The story is a bit shallow and 'cartoon' like. The dialog just does not work for the situations, so focus on making it a bit more natural. Overall, it needs a lot of work.
Hey, the fact that you are writing and seeking feedback puts you a bit ahead of the rest! Keep at it, and it will improve!
Please don't take this as anything other than trying to be helpful. I did not want to get too in depth, really, just offer some very high level thoughts.
I think, by your profile, you are still in school? If so, then you have the lucky opportunity to point your education towards writing and writing skills, so do so!

December 6th, 2002, 05:17 PM
Hey Richardb I see where you are comeing from here and that's cool.
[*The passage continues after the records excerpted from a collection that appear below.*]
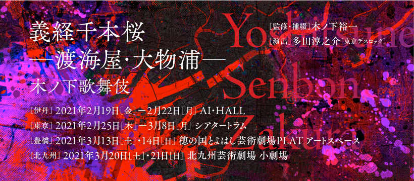 木ノ下歌舞伎 の次回公演『義経千本桜ー渡海屋・大物浦ー』の出演者・スタッフ、ツアー日程を公開しました!AI・HALL、シアタートラム、穂の国とよはし芸術劇場PLAT、北九州芸術劇場 にて2021年2月〜3月に上演します。チケット一般発売は2021年1月23日予定... -
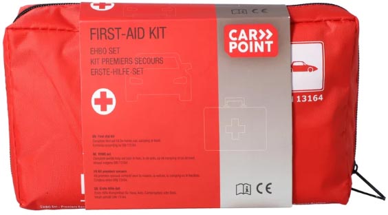 DIN 13164:2022 Sac rouge pratique avec fermeture éclair, ft 23,5 x 12,5 x 6 cm Contenu: - 1 x pansement autocollant 2,5 cm x 5 m - 4 x pansements autocollants 10 x 6 cm - 2 x pansements pour le bout des doigts 76 x 45 mm - 2 x pansements pour les doigts 12 x 2 cm - 2 x pansements 76 x 19 mm - 4 x pansements 76 x 25 mm - 1 x kit de premiers secours, petit modèle 6 x 8 cm - 2 x kit de premiers secours, modèle moyen 8 x 10 cm - 1 x kit de premiers secours. grand modèle 10 x 12 cm - 1 x chiffon à pansement 60 x 80 cm - 4 x gants jetables en vinyle, grande taille - 2 x bandes de contention 6 cm x 4 m - 3 x bandes de contention 8 cm x 4 m - 1 x couverture de secours 160 x 210 cm or/argent - 3 x compresses pour les blessures 10 x 10 cm (par 2) - 1x bande triangulaire 96 x 96 x 136 cm - 1 x paire de ciseaux de premiers secours 15 cm - 2 x lingettes nettoyantes 10 x 12 cm - 1 x manuel de premiers secours - 2 x Masque de protection pour le visage
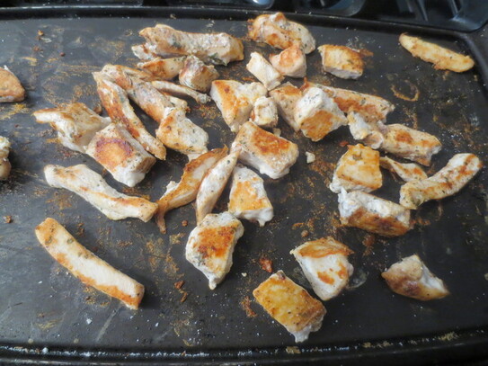 Bucăţile de carne de pui se prăjesc pe grătar sau într-o tigaie de teflon. Se adaugă în fiecare farfurie, alături de o floretă de conopidă fiartă. Se poate orna cu frunze verzi de ceapă, pătrunjel, mărar, etc, depinde de preferinţa fiecăruia.
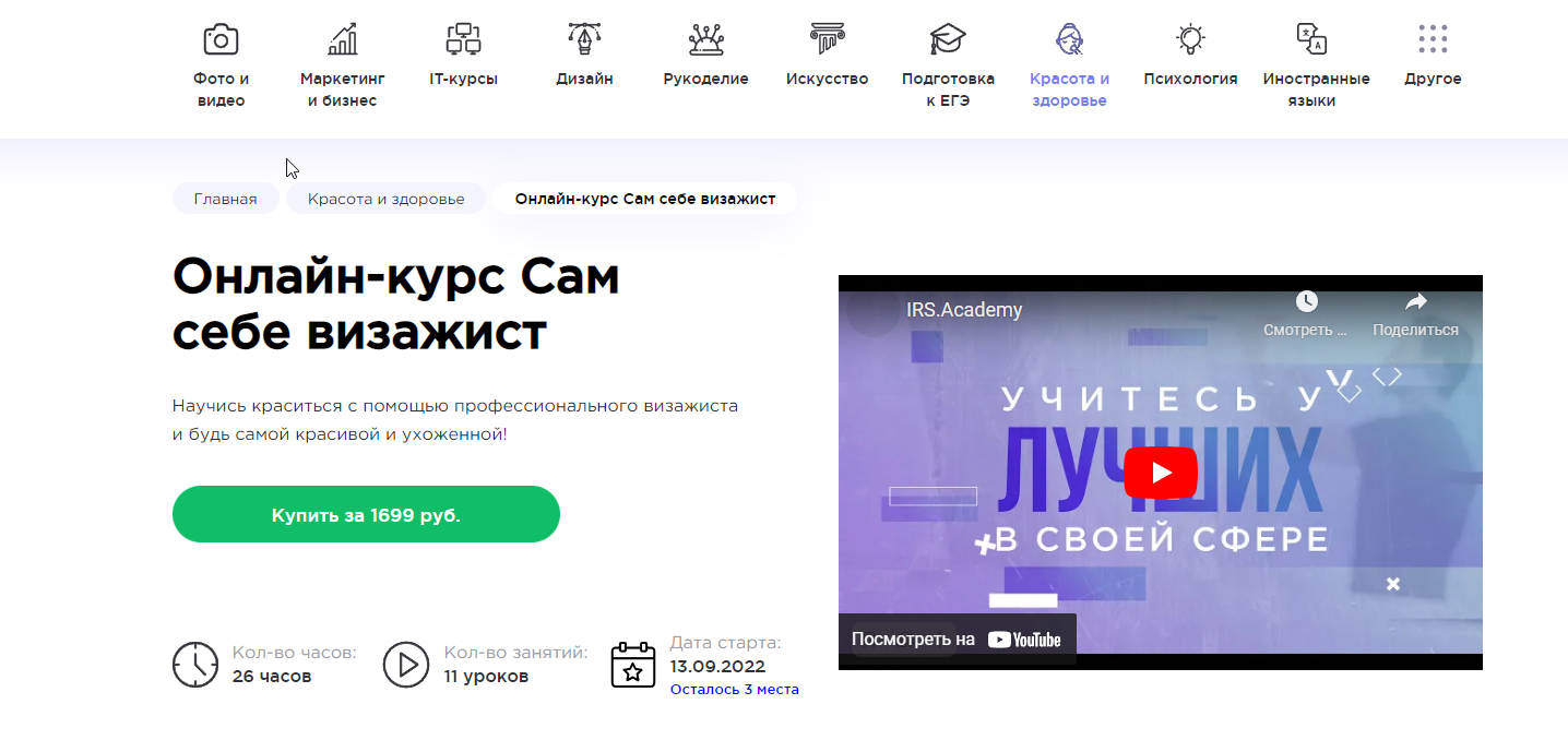 В русскоязычном сегменте по теме обзора представлен курс «PRO. Мастер-визажист»
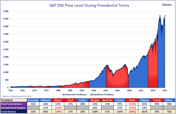 The data also suffers from small sample sizes, making it difficult to draw conclusions. While presidential elections can stoke concerns for investors, history shows there is no consistent relationship between which party is in office and stock returns. Rather, stocks have trended higher regardless of whether a Democrat or Republican was in the White House, an ode to the nation’s unique ability to adapt. Over the long run, the market has continued to grow, demonstrating the market's trajectory is influenced more-so by broader economic forces than by the political party in power. The following chart and corresponding table below highlight this.
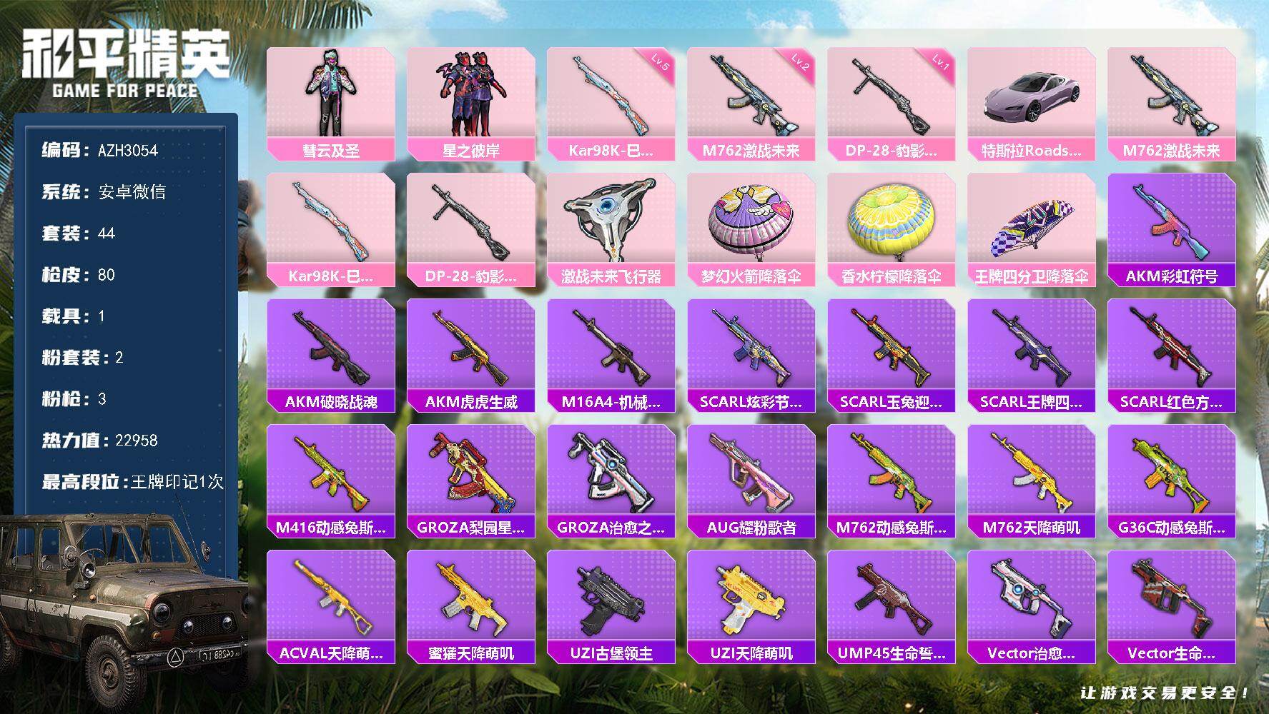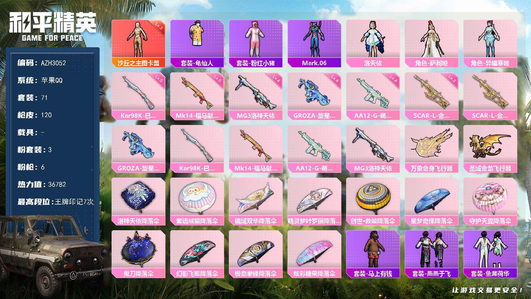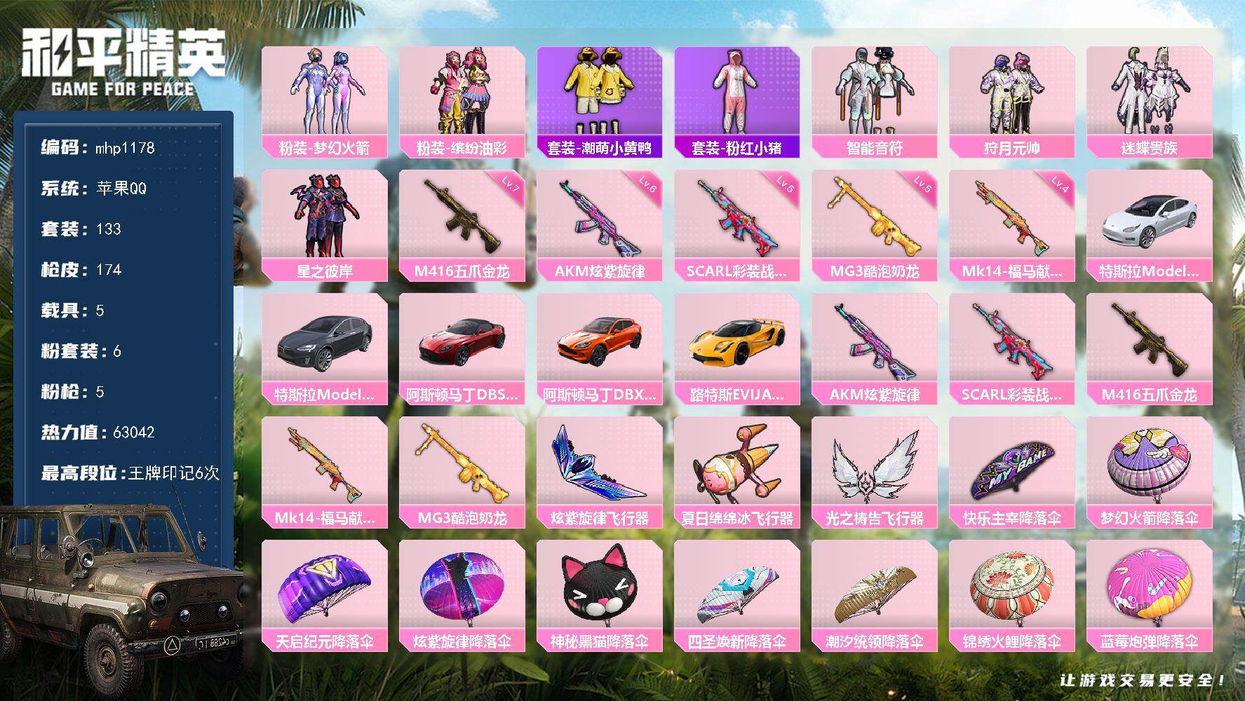 苹果 手Q-7粉装-6特效枪-2载具-2粉色飞行器-47990热力值-11王牌
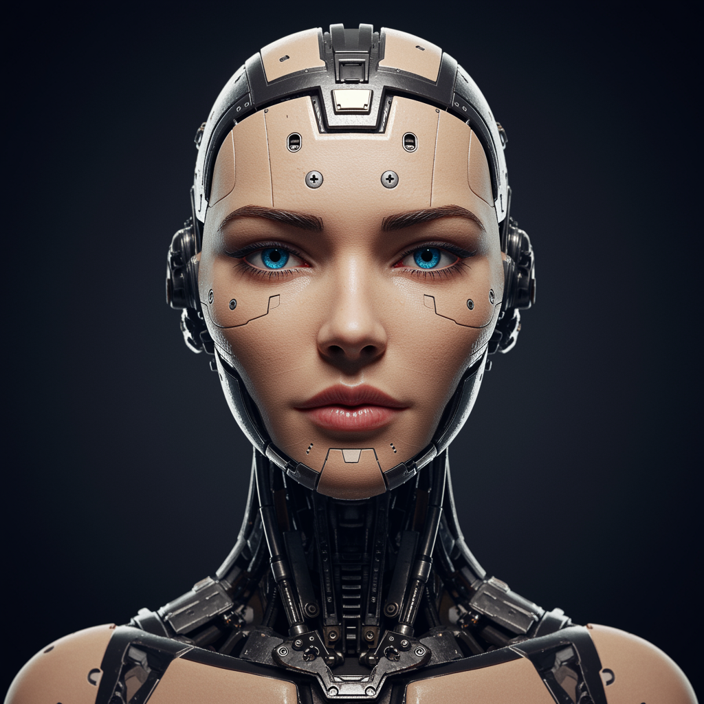 realistic photograph of a female cyberpunk android, intricate character design, detailed facial features, high precision, symmetrical digital 3d model, real-time rendering, mechanical construction, vfx elements, ultra hd quality, hdr abstract metallic sculpture, illustrative and slightly cartoonish cyborg elements, asymmetrical accents, visible mouth, out-of-frame elements, avoiding poor art aspects and unnatural proportions, free of any signature or watermark.

In a way thou I beleave his story is suposed to be a little cartoonish he based it of a anime called Dragon ball Z. I think it's a good story but I think you kind of have to like DBZ to see where it comes from.

December 6th, 2002, 05:30 PM
Yea, I know that it is a cartoon sort of thing, but the trick is for the writing to create that impression as its purpose, not as a result of needing practice. Work on both the desciptiveness, and the dialog as places where you can create the impressions you want, and the 'feeling' you are seeking. The goal for any great writing, even if it is 'cartoon' writing, is to suspend disbelief for a time. Transport the reader. The writing falls short of that. I'm not knocking it, I fall short all the time...;)
But do take the feedback for what it is worth and go back and write again, and again. If you write the entire thing a second time, you will suddenly realize it got better somewhere along the way... and then again.
It is a very hard thing, this writing. I have spent 7 years at it, to finish one novel...
Anyhow, I am not a publisher nor an agent... just a guy with an opinion that may or may not be useful to you!
Have fun, do what makes you happy.

December 6th, 2002, 05:40 PM
Yea that's cool I have been trying to do a story my self that I based off a anime style RPG that I once played a few years back. Since I am new to writing I know there are bugs in my work and I am honestly trying to work them out. I did have my story up on a page but I took it down about a week ago to address acouple of problems people from this board pointed out to me. I don't know how well I have been able to do this but I have been trying to make it so that as you read it the story kind of draws you into the character of Evan Gallaway. I am always open to feed back.

As Evan glared at his father, he could feel a fire igniting within him. He didn't know what it was or why it was happening but he could feel his blood start to boil. Evan's father glared right back at Evan, showing no emotion or sign of remorse, for what he just did. The fact that he wasn't even sorry, served to intensify the flames growing within Evan, making his blood boil faster and harder.

This is one point where I tried to do just that. Make it so it draws you in and you can almost feel how the little 8 year old Evan is feeling right now. According to King Gimpy I did that fairly well but I'm always open to other opinions.